> _WORK INSTRUCTION_
Omit the images. Reproduce each line of the records exactly as it appears.

> _Stored items_
____________________
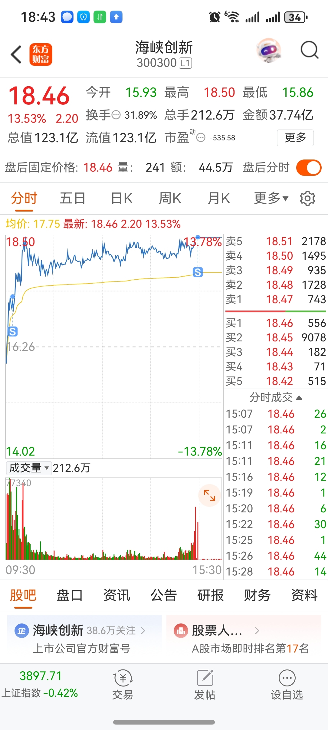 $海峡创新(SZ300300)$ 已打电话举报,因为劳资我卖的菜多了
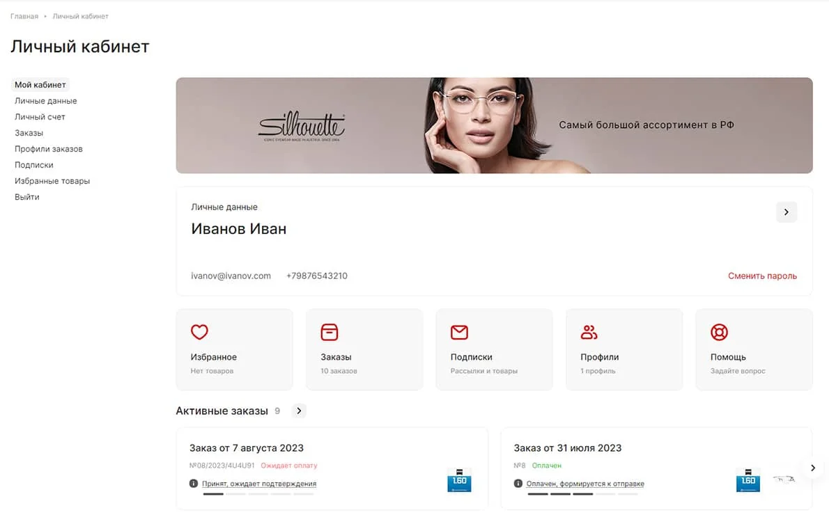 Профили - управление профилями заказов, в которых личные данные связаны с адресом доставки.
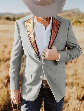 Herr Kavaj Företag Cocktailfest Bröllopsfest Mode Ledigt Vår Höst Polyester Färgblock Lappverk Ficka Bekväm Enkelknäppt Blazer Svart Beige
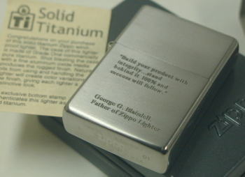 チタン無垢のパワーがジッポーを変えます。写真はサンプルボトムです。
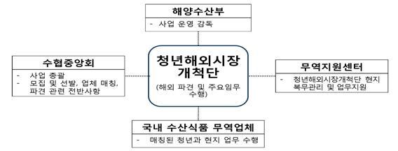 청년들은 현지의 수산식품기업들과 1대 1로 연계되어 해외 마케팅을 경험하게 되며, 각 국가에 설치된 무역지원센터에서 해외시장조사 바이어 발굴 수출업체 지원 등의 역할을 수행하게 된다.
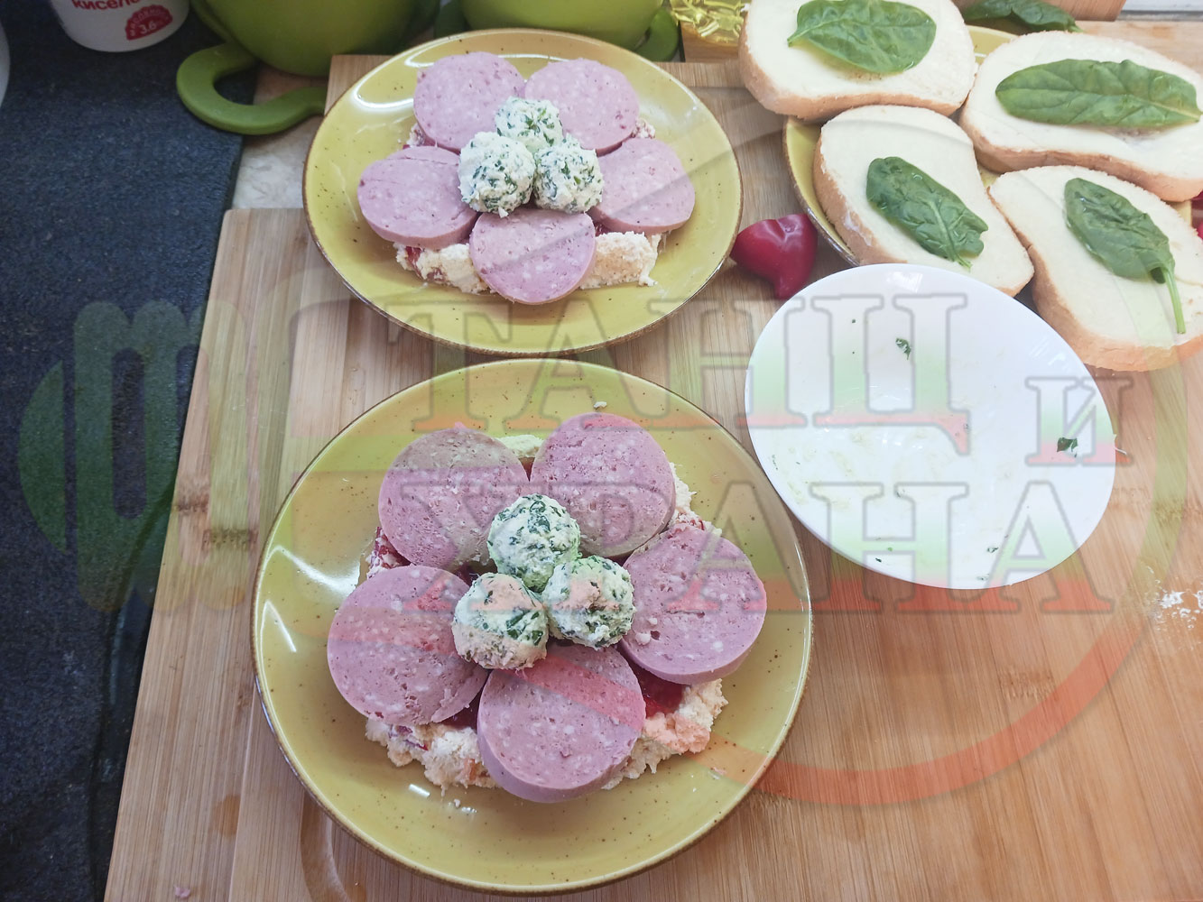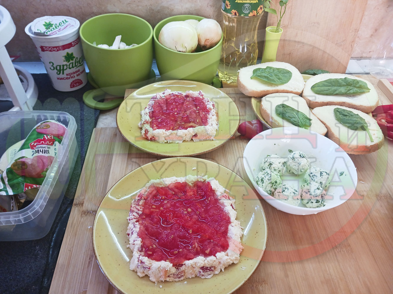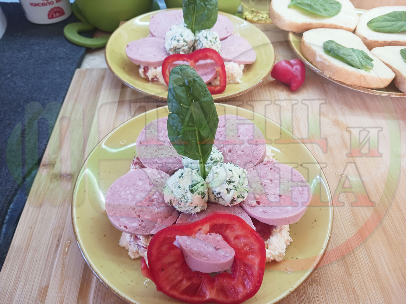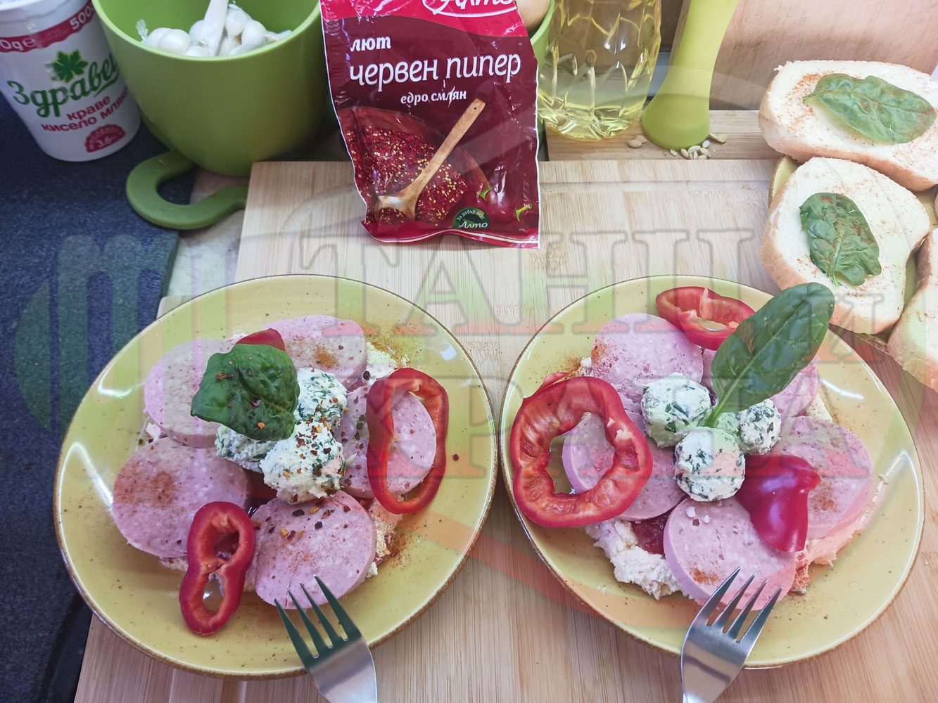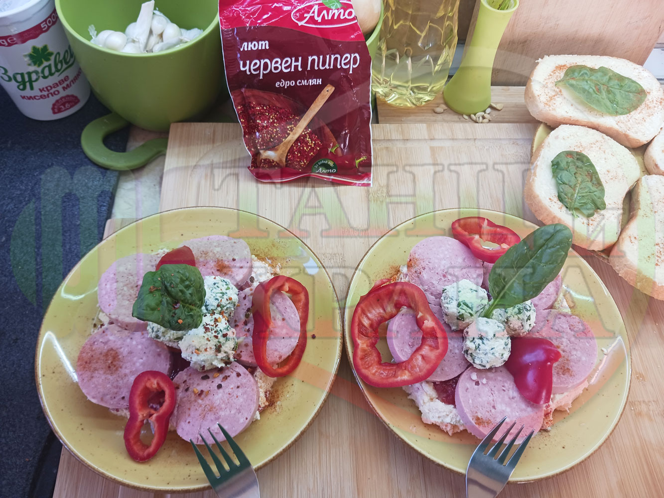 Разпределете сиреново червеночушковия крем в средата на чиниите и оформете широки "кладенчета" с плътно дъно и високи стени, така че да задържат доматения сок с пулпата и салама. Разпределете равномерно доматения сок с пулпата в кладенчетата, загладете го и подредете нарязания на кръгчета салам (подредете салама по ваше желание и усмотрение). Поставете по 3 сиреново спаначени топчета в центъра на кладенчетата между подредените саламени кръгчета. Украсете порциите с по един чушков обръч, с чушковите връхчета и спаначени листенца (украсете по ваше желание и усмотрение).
____________________
> _RESULT OF THIS EXERCISE_
 $海峡创新(SZ300300)$ 已打电话举报,因为劳资我卖的菜多了
 Профили - управление профилями заказов, в которых личные данные связаны с адресом доставки.
 Herr Kavaj Företag Cocktailfest Bröllopsfest Mode Ledigt Vår Höst Polyester Färgblock Lappverk Ficka Bekväm Enkelknäppt Blazer Svart Beige
 チタン無垢のパワーがジッポーを変えます。写真はサンプルボトムです。
 청년들은 현지의 수산식품기업들과 1대 1로 연계되어 해외 마케팅을 경험하게 되며, 각 국가에 설치된 무역지원센터에서 해외시장조사 바이어 발굴 수출업체 지원 등의 역할을 수행하게 된다.
 Разпределете сиреново червеночушковия крем в средата на чиниите и оформете широки "кладенчета" с плътно дъно и високи стени, така че да задържат доматения сок с пулпата и салама. Разпределете равномерно доматения сок с пулпата в кладенчетата, загладете го и подредете нарязания на кръгчета салам (подредете салама по ваше желание и усмотрение). Поставете по 3 сиреново спаначени топчета в центъра на кладенчетата между подредените саламени кръгчета. Украсете порциите с по един чушков обръч, с чушковите връхчета и спаначени листенца (украсете по ваше желание и усмотрение).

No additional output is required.